Single by Marvin Gaye

from the album M.P.G.
- B-side: "Wherever I Lay My Hat (That's My Home)"
- Released: April 2, 1969
- Recorded: Hitsville USA (Studio A); 1969
- Genre: Rock; soul;
- Length: 2:55
- Label: Tamla T 54181
- Songwriters: Norman Whitfield; Barrett Strong; Janie Bradford;
- Producer: Norman Whitfield

Marvin Gaye singles chronology
| "Good Lovin' Ain't Easy to Come By" (1969) | "Too Busy Thinking About My Baby" (1969) | "That's the Way Love Is" (1969) |

Audio video
- "Too Busy Thinking About My Baby" on YouTube

= Too Busy Thinking About My Baby =

"Too Busy Thinking About My Baby" is a Motown song written by Norman Whitfield, Barrett Strong, and Janie Bradford. The song was first recorded by The Temptations as a track on their 1966 album Gettin' Ready. Eddie Kendricks sings lead on the recording, which was produced by Whitfield.

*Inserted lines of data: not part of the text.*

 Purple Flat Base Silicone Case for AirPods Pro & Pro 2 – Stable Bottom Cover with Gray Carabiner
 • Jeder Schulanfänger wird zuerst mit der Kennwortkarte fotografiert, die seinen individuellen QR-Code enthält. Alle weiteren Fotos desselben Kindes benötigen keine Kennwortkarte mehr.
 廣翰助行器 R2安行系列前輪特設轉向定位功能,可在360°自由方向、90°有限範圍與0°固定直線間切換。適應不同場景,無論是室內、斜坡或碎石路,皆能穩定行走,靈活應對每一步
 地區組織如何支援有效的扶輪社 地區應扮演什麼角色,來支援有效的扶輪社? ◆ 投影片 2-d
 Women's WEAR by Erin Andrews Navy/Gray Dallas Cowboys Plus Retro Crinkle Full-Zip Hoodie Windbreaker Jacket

Jimmy Ruffin also recorded a version with The Temptations providing background vocals in 1966. It remained unreleased until 1997.

Three years later, Motown artist Marvin Gaye recorded a cover version of "Too Busy Thinking About My Baby" as a follow-up single to his 1968 hit "I Heard It Through the Grapevine", another Whitfield/Strong composition, which was a trans-atlantic top five hit. Whitfield produced Gaye's version as well, which featured background vocals by The Andantes. The song's lyrics feature the male narrator discussing how he has "no time to discuss weather" or "think about what money can buy", because when he thinks about his woman, "I ain't got time for nothing else".

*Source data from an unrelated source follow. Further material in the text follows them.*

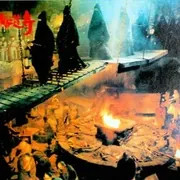 所谓江湖人士讲究的是逍遥自在,不受拘束,不管是佛家弟子还是道家弟子,都是认同的。因此常常是有人想要一统江湖,发号施令,当武林盟主的时候,往往也就是腥风血雨的时候。新火烧红莲寺虽然不是这样的故事情节,但是说到底也是反抗奴役和暴力的故事。毫无疑问,影片极具乱世景象和江湖气息,开片一幕,少林寺被灭,少林弟子被帮着跪在寺门前,清兵疯狂焚烧经书。片中,镜头到红莲寺时,荒芜的沙漠中,矗立着一座石窟一样的寺庙,红色的石门彷如一张大口。寺外死尸倒佳,骷髅成堆,活埋者双手举天,佛像狰狞,都预示着这里是一个人间地狱,使我想起集中营,或许导演也是借助二战的纳粹集中营这个元素, 来增加神公这个极权统治者的恐怖和残忍。方世玉被关进机关重重的红莲寺地下牢房(我觉得还是集中营合适), 妓女豆豆被鹰犬滴血子献给神公当侍女。影片中角色塑造最成功的不是方世玉,也不是洪熙官,而是那个恶魔一样的神公。当少林弟子不服从者与女鹰犬翠河在生死台大战,神公的初次出场了,侍女簇拥着坐在一个太师椅上,抽着烟壶,让人倒觉得他慈眉善目。这个看似斯文的神公,闲时喜欢画画鬼符一样的东西,让人神秘莫测。不服从者中了机关被打落地沟烈火烧死的时候,再看看神公的表情,你就可以知道他的冷血了。 方世玉为了救人,冲出来与翠河斗,打败翠河准备刺杀神公时,却被赶来当卧底的洪熙官截住,最后,方世玉受伤被扔进疽虫蠕动、老鼠乱爬,和骷髅满地的尸井中,这个画面,一直让我觉得这个是恐怖片了。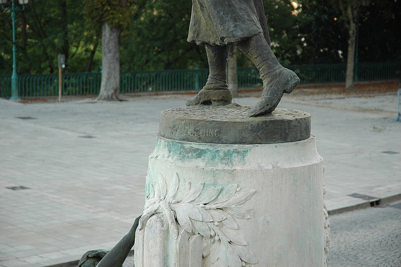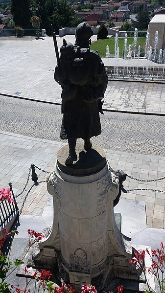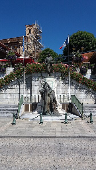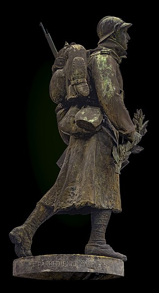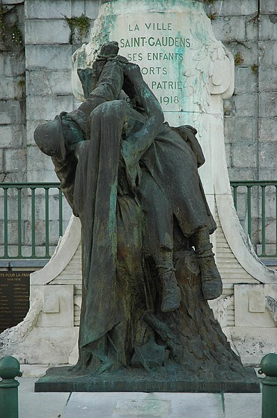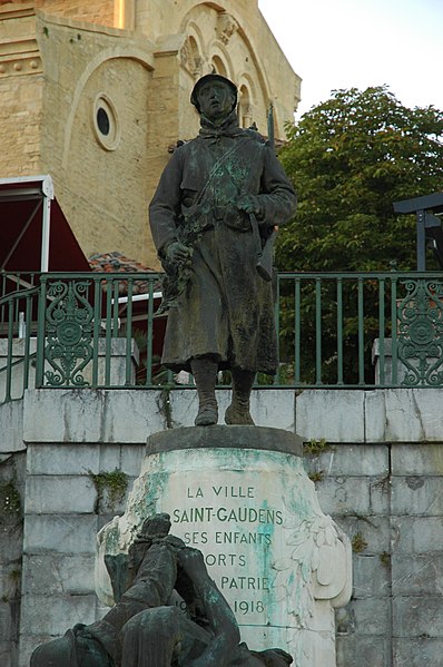 Intitulé Monument aux morts de la guerre de 1914-1918, il est consacré aux soldats de la commune morts lors des conflits du XXe siècle. Érigé légèrement au sud du centre-ville de Saint-Gaudens, il se situe en contrebas de l'escalier menant à l'esplanade de la Libération, un espace dégagé qui surplombe la plaine vers la Garonne. L’œuvre se compose d'un poilu en bronze, en uniforme et en marche, reposant sur un piédestal en pierre ; devant ce socle, une seconde statue de bronze représente une femme qui détache d'un arbre un poilu mort. Les noms des soldats de la commune morts au combat au XXe siècle sont gravés sur des plaques de bronze au revers du monument. À proximité, au centre de l'esplanade de la Libération, s'élève le monument des trois maréchaux, en mémoire de Ferdinand Foch, Joseph Joffre et Joseph Gallieni. L'ensemble est l'œuvre du sculpteur Paul Ducuing et a été réalisé par la fonderie Barbedienne. Le monument aux morts a été inscrit au titre des monuments historiques le 18 octobre 2018 et fait partie des 42 monuments aux morts de la région Occitanie protégés à cette date pour leur valeur architecturale, artistique ou historique.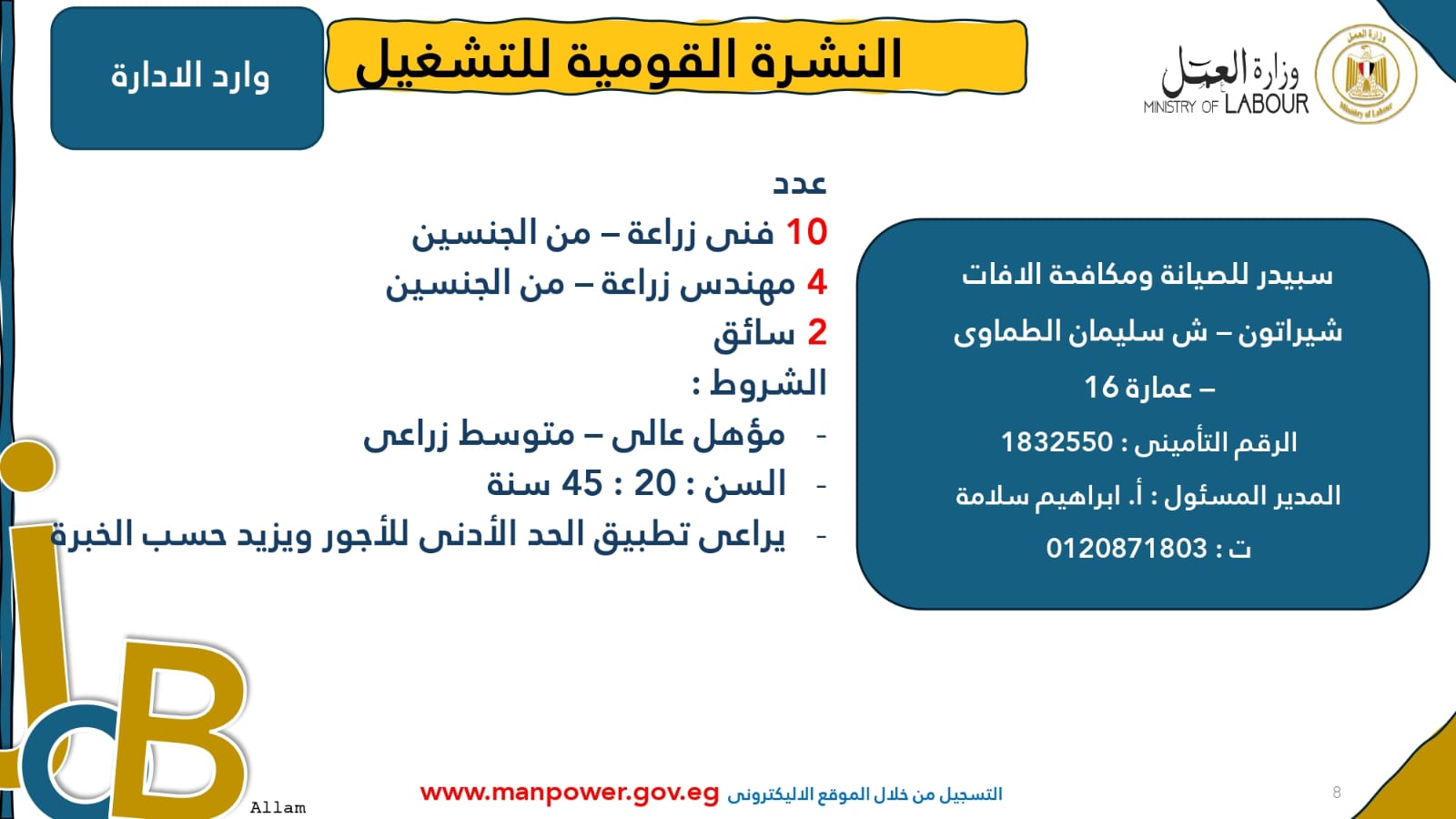 وأشارت الوزارة إلى أن نشرة التوظيف نصف الشهرية تُصدر بانتظام كل 15 يومًا من خلال الإدارة العامة للتشغيل برئاسة هبة أحمد، وإعداد منى شوقي – باحث أول بالإدارة، وتتضمن أحدث فرص العمل المتاحة في مختلف المحافظات.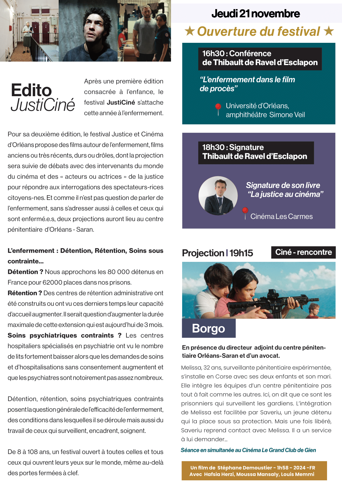 ? Le festival du JustiCiné est de retour au mois de novembre 2024 sur le thème de l’enfermement.

In terms of chart success, "Too Busy Thinking About My Baby" was Gaye's second biggest hit of the 1960s, after "I Heard It Through the Grapevine". "Too Busy Thinking About My Baby" peaked at No.4 on the Billboard Hot 100 in the United States, and remained at the No.1 position on Billboard's Black Singles Chart for six consecutive weeks, from the weeks of, June 7 until July 12, 1969, with sales close to two million records. The single was the top-selling R&B single of the year, and also reached No.14 on Billboard’s year-end charts. The tune was the first release from Gaye's 1969 studio album M.P.G.. The single also reached No.5 in the UK Singles Chart.

Cash Box described it as a "medium paced rock effort" with a "solid vocal" and "a phenomenal production using tom-tom effectiveness to stoke up dance fan fires."

==Personnel==

===Temptations version===
- Lead vocals by Eddie Kendricks
- Background vocals by David Ruffin, Eddie Kendricks, Melvin Franklin, Paul Williams, and Otis Williams
- Instrumentation by the Funk Brothers

===Jimmy Ruffin version===
- Lead vocals by Jimmy Ruffin
- Background vocals by David Ruffin, Eddie Kendricks, Melvin Franklin, Paul Williams, and Otis Williams
- Instrumentation by the Funk Brothers

===Marvin Gaye version===
- Lead vocals by Marvin Gaye
- Background vocals by the Andantes: Jackie Hicks, Marlene Barrow and Louvain Demps
- Instrumentation by the Funk Brothers

==Chart history==

===Weekly charts===

| Chart (1969) | Peak position |
|---|---|
| Canada RPM Top Singles | 15 |
| UK Singles Chart | 5 |
| US Billboard Hot 100 | 4 |
| US Billboard R&B singles | 1 |
| US Cash Box Top 100 | 5 |

===Year-end charts===

| Chart (1969) | Rank |
|---|---|
| UK | 43 |
| US Billboard Hot 100 | 14 |
| US Cash Box | 53 |

==Other cover versions==
- The Young Vandals cut the track for The Isley Brothers' T-Neck label. It peaked at No.46 on the R&B charts in 1970.
- "Too Busy Thinking About My Baby" was also covered by the New York-based rock group Mardi Gras in the early 1970s, and released as a single on Map City Records. It climbed high up the charts across Europe in 1971–72.
- In 1995, the Manhattan Transfer recorded the song for their album Tonin' with Phil Collins. This version No.27 on the Adult Contemporary chart in the United States. In Canada, the song reached No.58 on the pop singles chart and No.6 on the Adult Contemporary chart.